- Work task:
A word-for-word copy of the entries is the goal; leave out the pictures.

(Task data)

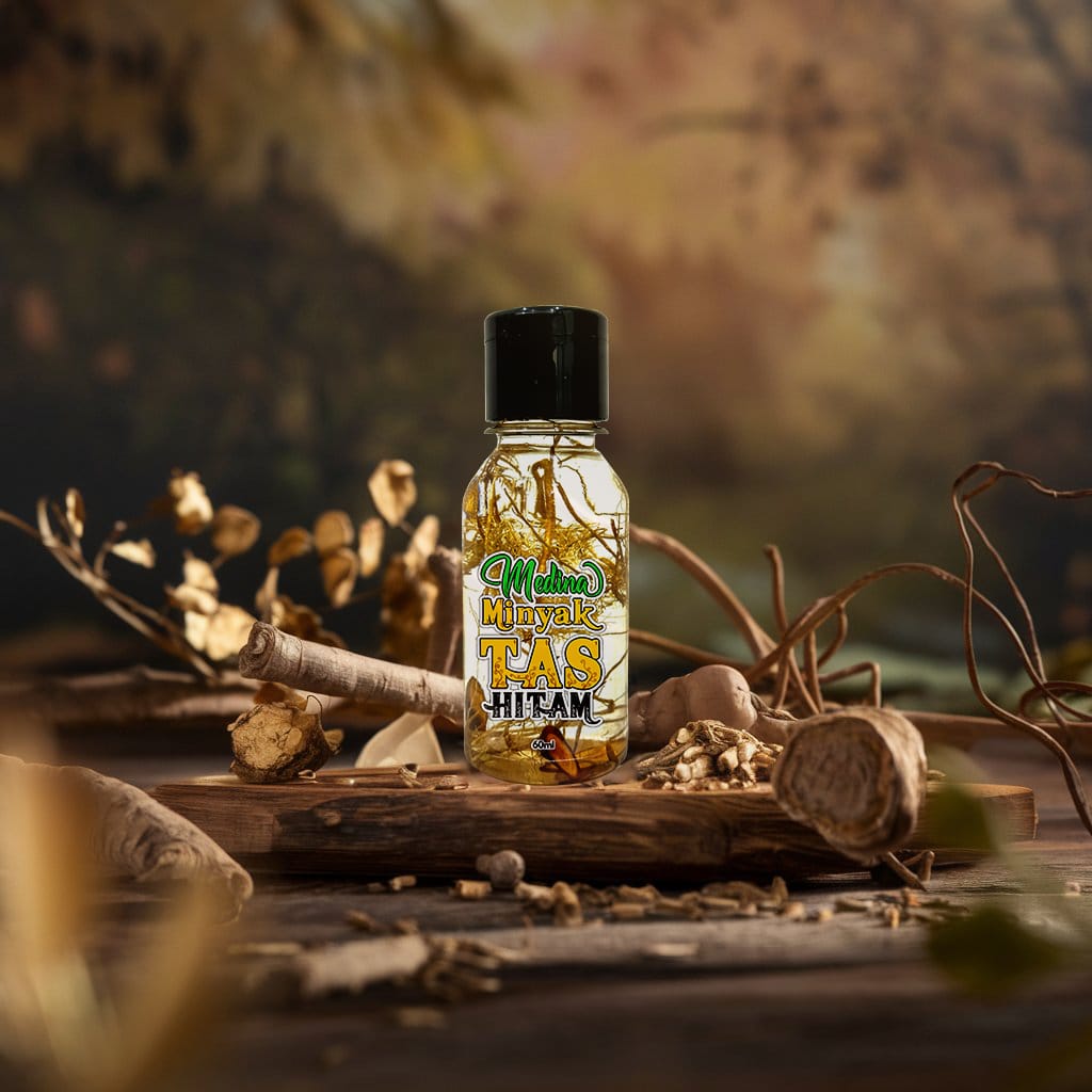 Minyak Tas Hitam diformulasikan menggunakan bahan semula jadi yang telah lama digunakan dalam perubatan tradisional. Gabungan unik ini bukan sahaja melegakan sakit, tetapi juga menyuburkan kulit dan meningkatkan kesihatan sendi serta saraf.
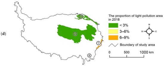 In this study, the spatial-temporal pattern of LP on the TP during 1992–2018 was determined based on remotely sensed nighttime light data at multiple scales. The impacts of LP changes on natural habitat and species habitat were analyzed, therefore helping to fill the gap in the field of LP research on the TP. In the previous studies, Koen et al. [] assessed the global LP from 1992 to 2012, while Li et al. [] evaluated the LP for natural reserves in China in the same period. They both found that TP had relatively low LP between 1992 and 2012. However, the previous studies did not measure LP on the TP after 2012 in light of the inconsistence in NTL data. This study provided an assessment of LP over the past three decades based on the harmonized NTL data, and found that the LP had increased widely since 2012, posing threats to natural habitats and species habitats on the TP.
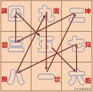 后天数字歌诀:一数坎兮二数坤,三震四巽数中分,五寄中宫六乾是,七兑八艮九离门。
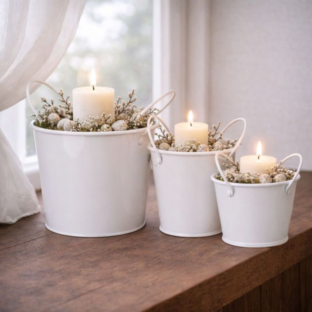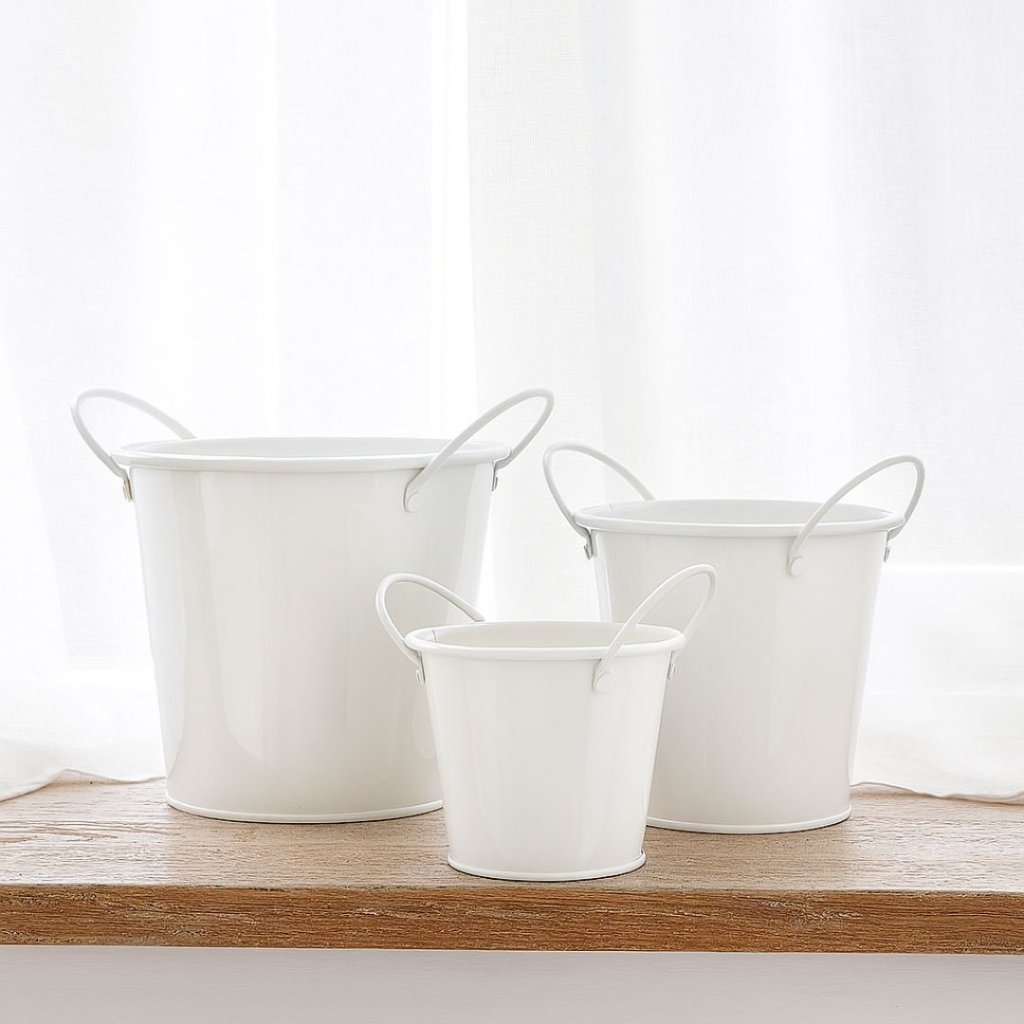 - Bílý kovový obal Arlina v sadě po 3 kusech s rukojetí na přenos je stylovým a praktickým doplňkem pro váš domov.
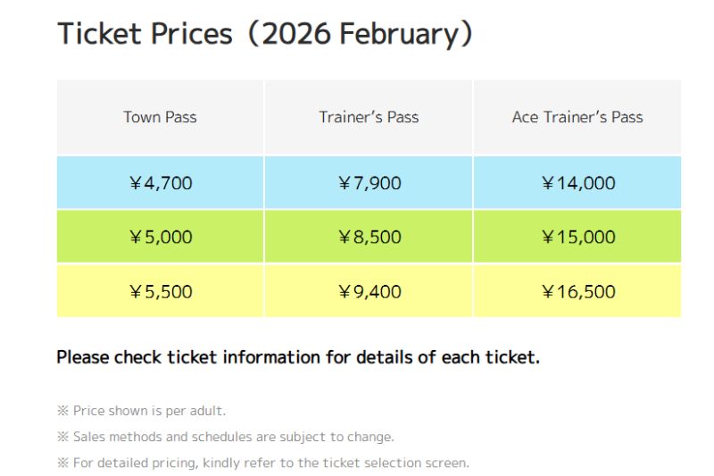Ace Trainer's Pass: สามารถเข้าโซน Pokémon Forest และ Sedge Town ได้ในเวลาที่ต้องการอย่างอิสระ นอกจากนี้ยังมาพร้อมสิทธิพิเศษอื่นๆ เช่น กิจกรรมMeet & Greet, สำรองที่นั่งสำหรับการแสดง Sedge Gym Show, สิทธิ์ใช้ช่องทางด่วนสำหรับเครื่องเล่นต่างๆ และของที่ระลึกสุดเอ็กซ์คลูซีฟอีกด้วย

(End Task data)

- Result of this exercise:
 Minyak Tas Hitam diformulasikan menggunakan bahan semula jadi yang telah lama digunakan dalam perubatan tradisional. Gabungan unik ini bukan sahaja melegakan sakit, tetapi juga menyuburkan kulit dan meningkatkan kesihatan sendi serta saraf.
 In this study, the spatial-temporal pattern of LP on the TP during 1992–2018 was determined based on remotely sensed nighttime light data at multiple scales. The impacts of LP changes on natural habitat and species habitat were analyzed, therefore helping to fill the gap in the field of LP research on the TP. In the previous studies, Koen et al. [] assessed the global LP from 1992 to 2012, while Li et al. [] evaluated the LP for natural reserves in China in the same period. They both found that TP had relatively low LP between 1992 and 2012. However, the previous studies did not measure LP on the TP after 2012 in light of the inconsistence in NTL data. This study provided an assessment of LP over the past three decades based on the harmonized NTL data, and found that the LP had increased widely since 2012, posing threats to natural habitats and species habitats on the TP.
 后天数字歌诀:一数坎兮二数坤,三震四巽数中分,五寄中宫六乾是,七兑八艮九离门。
 - Bílý kovový obal Arlina v sadě po 3 kusech s rukojetí na přenos je stylovým a praktickým doplňkem pro váš domov.
Ace Trainer's Pass: สามารถเข้าโซน Pokémon Forest และ Sedge Town ได้ในเวลาที่ต้องการอย่างอิสระ นอกจากนี้ยังมาพร้อมสิทธิพิเศษอื่นๆ เช่น กิจกรรมMeet & Greet, สำรองที่นั่งสำหรับการแสดง Sedge Gym Show, สิทธิ์ใช้ช่องทางด่วนสำหรับเครื่องเล่นต่างๆ และของที่ระลึกสุดเอ็กซ์คลูซีฟอีกด้วย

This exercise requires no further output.